Posted to dev@calcite.apache.org by "Gramana, Zachary (GE Digital)" <Za...@ge.com> on 2022/03/12 01:26:53 UTC

[Help] UNION queries with one or more SELECTs containing a JOIN are significantly slower after 1.24

Hello all!

I would appreciate some help/guidance with troubleshooting a big performance regression we saw on our UNION queries after updating our application from 1.24 to 1.29. Many of the tables in the queries are wide (> 50 columns) so we use a custom push-down Project class. These custom Projects are being eliminated in 1.29 UNION queries--though not when replacing UNION with UNION ALL.

The examples below illustrate minimal queries that reproduce the issue our test database.

When compared to the UNION query times using 1.24, the prepared UNION statements take 2-2.5 times longer in 1.29. The prepare time is around 2 times longer as well.

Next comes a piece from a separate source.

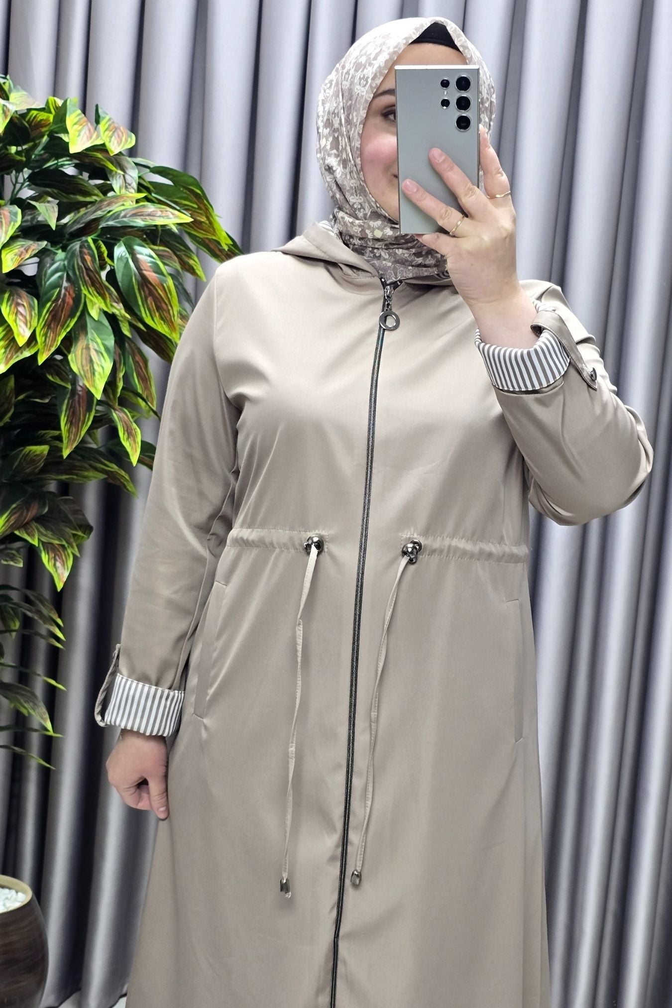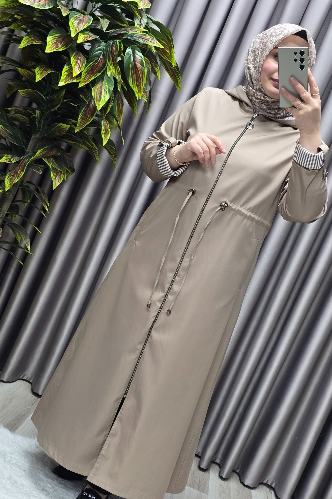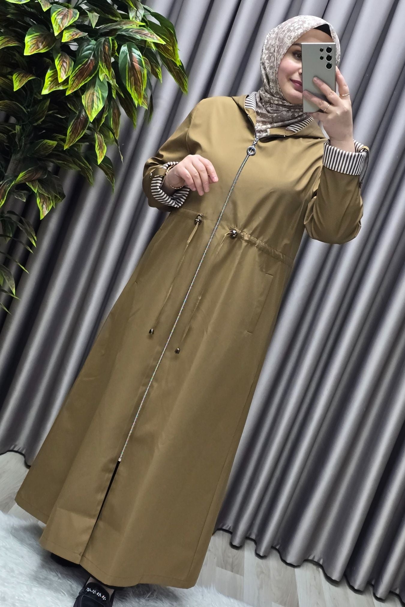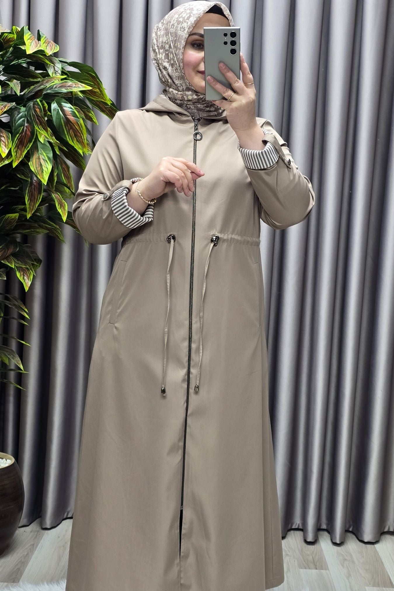Kadın Giyim Büyük Beden Su Geçirmez Tam Boy Mevsimlik Spor Tesettür Pardesü

In the examples below, the UNION and UNION ALL queries generate the same result set in our test database. All Calcite tables have default collations ("ISO-8859-1$en_US"). Several are rather wide, with many > 50 columns.

In 1.29 for a simple query, both UNION and UNION ALL produce the same query plan, with the exception of EnumerableUnion's `all` parameter:

1.29
EXPLAIN PLAN FOR
SELECT Id FROM t1
UNION ALL
SELECT Id FROM t2
-----------------------------------------------------------------------------------------------------
EnumerableUnion(all=[true])
  MyEnumerableConverter
    MyProject(Id=[$0])
      MyTableScan(table=[[MySchema, t1]])
  MyEnumerableConverter
    MyProject(Id=[$0])
      MyTableScan(table=[[MySchema, t2]])

1.29
EXPLAIN PLAN FOR
SELECT Id FROM t1
UNION
SELECT Id FROM t2
-----------------------------------------------------------------------------------------------------
EnumerableUnion(all=[false])
  MyEnumerableConverter
    MyProject(Id=[$0])
      MyTableScan(table=[[MySchema, t1]])
  MyEnumerableConverter
    MyProject(Id=[$0])
      MyTableScan(table=[[MySchema, t2]])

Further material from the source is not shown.